Since PINC has limited information regarding its historical performance, we offset this source of uncertainty by relying more heavily on peer data and by taking an exaggerated negative outlook. However, despite our cautious assumptions for the key drivers of our model, the company remains a clear Long (Figure 3).
Figure 3: Monte Carlo Simulation - Fair Value Distribution
(Table 7) In our view, the range assumption of 3 to 7% for Revenue Growth is very conservative given the mean for the peer set was 20.1% and the median was 9.4%. The overall weighted average Revenue Growth rate for the peer set was 8.4% (all statistics based on 10 years of data).
Table 7: Revenue Growth - Range Assumptions
(Table 8) Again, our estimates of Spread exhibit a fairly pessimistic view given the mean for the peer set was 3.0% and the median was 2.5%. The overall weighted average Spread for the peer set was 2.8% (all statistics based on 10 years of data). We assumed that the Spread for the company would decay from its current rate of 27.1% to a perpetuity value ranging from 0 to 3%.

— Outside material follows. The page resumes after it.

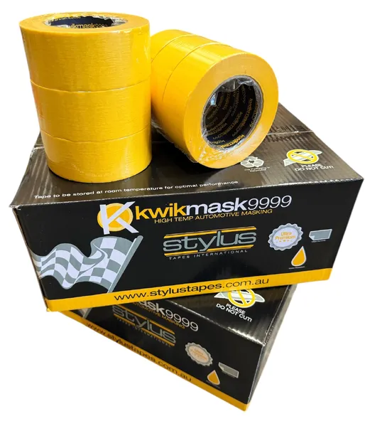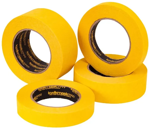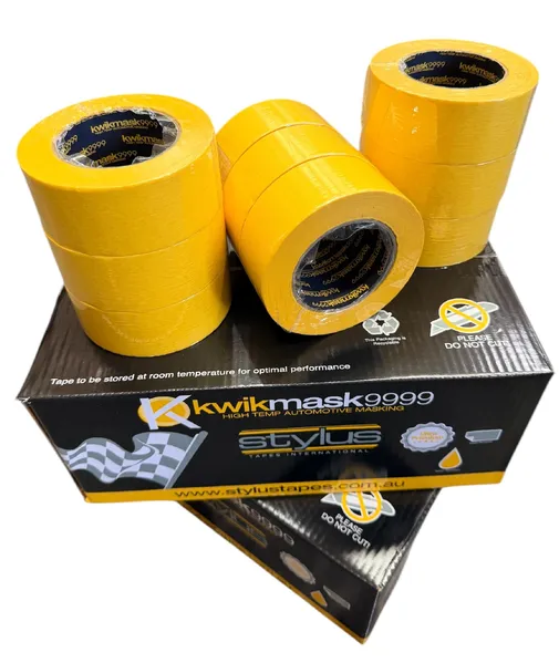 The Sylus KwikMask 9999 Yellow Pro Automotive Masking Tape is a premium high-temperature masking tape designed for the automotive and marine industries. Coated with a specially formulated natural rubber adhesive, it delivers strong adhesion, clean removal from most surfaces, and excellent performance in demanding masking applications. Its high-visibility yellow crepe paper backing is moisture and water-repellent, while the strong crepe construction provides excellent tear resistance and conforms well to irregular surfaces.
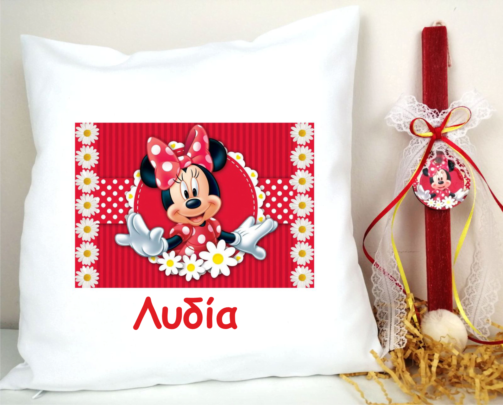 Σετ πασχαλινή λαμπάδα minnie mouse με μπρελόκ και μαξιλαράκι με όνομα.Φτιάξτε μια ξεχωριστή αρωματική Πασχαλινή λαμπάδα με μπρελόκ minnie mouse και μαξιλαράκι.Μια μοναδική λαμπάδα με την αγαπημένη Minnie mouse.

Table 8: Spread - Range Assumptions
Our range assumption for NOPAT Margin is also pessimistic given PINC's most recent performance of 20.9% (Table 9). We anticipated that NOPAT Margin would decay between 8.8 to 11.6%.

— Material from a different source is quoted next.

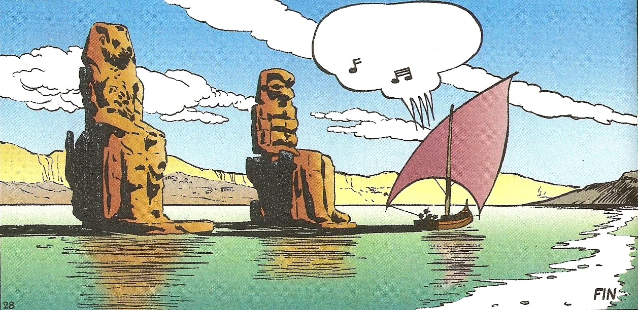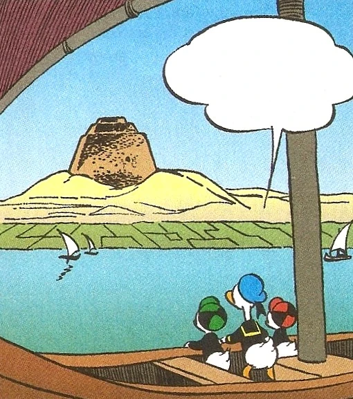 L’Égypte semble avoir été utilisée pour la première fois dans une histoire de Carl Barks datant de septembre 1943, L'anneau de la momie. Dans cette histoire, Donald et deux de ses neveux naviguèrent sur le Nil, qui est, avec l'Amazone, le fleuve le plus long au monde.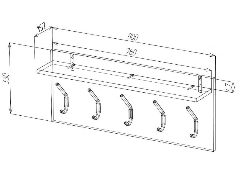 Габариты: 800(Ш) х 152(Г) х 330(В) мм.

Table 9: NOPAT Margin - Range Assumptions
Our range assumption for Capital Turns is again lower than recent performance of 1.71x (Table 10). We chose a range of 0.97 to 1.00x.
Table 10: Capital Turns - Range Assumptions
PINC remains a Long despite an exaggerated pessimistic outlook. This outlook helped us to address possible risk factors, such as the company's corporate structure and short tenure as a publicly traded company. We gain further confidence in our Long position when we compare the company's competitive position to one of its peers. Observing two key strategic forces, namely the industry's market economics (average Industry Spreads) and the company's competitive position (company Spread minus Market Economics), the analysis concludes the following (Figure 4):
- Although Market economics has worsened, PINC's competitive position signals a strong economic moat.

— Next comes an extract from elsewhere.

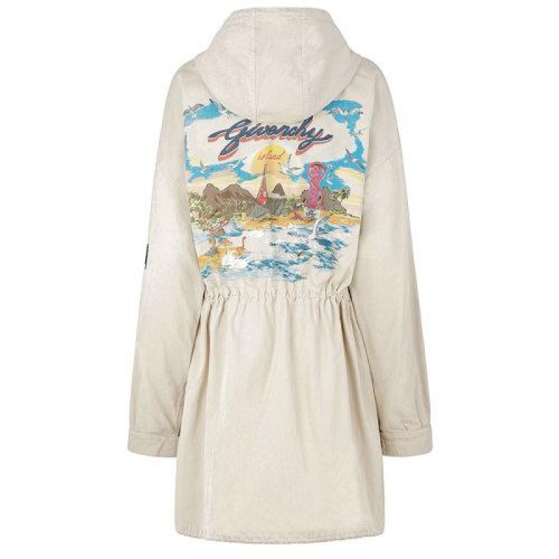 【 Tax included 】 Givenchy/Givenchy 2021 early spring new model with multi colored GIVENCHY Island print on the back, black decorative patch on the left sleeve, milky yellow cotton Huada woolen hooded parka BW00AX11QN-286

- In contrast, Quest Diagnostics Inc. has a weaker competitive position despite being a larger player.
Figure 4: Market Economics versus Competitive Position
Lastly, when we look at other valuation methods, PINC clearly stands out as undervalued (Figure 5). By example, based on S&P Capital IQ calculations, the company is trading at an absurdly low 2.70x TEV/LTM EBITDA multiple. In contrast, even though PINC grew Revenue at 5.3% with a positive Spread of 27.1%, one of its closest peers, DGX, decreased Revenue by -3.2% and generated a negative Spread of -1.1%, yet trades at a TEV/LTM EBITDA multiple of 8.1x.
Figure 5: Valuation Methods
As a final note, PINC generates strong cash flow and has approximately $233 million in cash (as of December 31st, 2013 Balance Sheet), giving it the financial flexibility to either grow extensively through profitable acquisitions or return cash back to shareholders. Either of these scenarios provides additional upside not accounted for in our very conservative outlook. Consequently, investors have a rare opportunity to get in early before the market prices in the company's strong economic position.
Disclosure: I am long BRLI, LHCG, PINC. I wrote this article myself, and it expresses my own opinions. I am not receiving compensation for it (other than from Seeking Alpha). I have no business relationship with any company whose stock is mentioned in this article. I am short EXAM and HWAY. I may increase my Long and Short positions over the next 72 hours.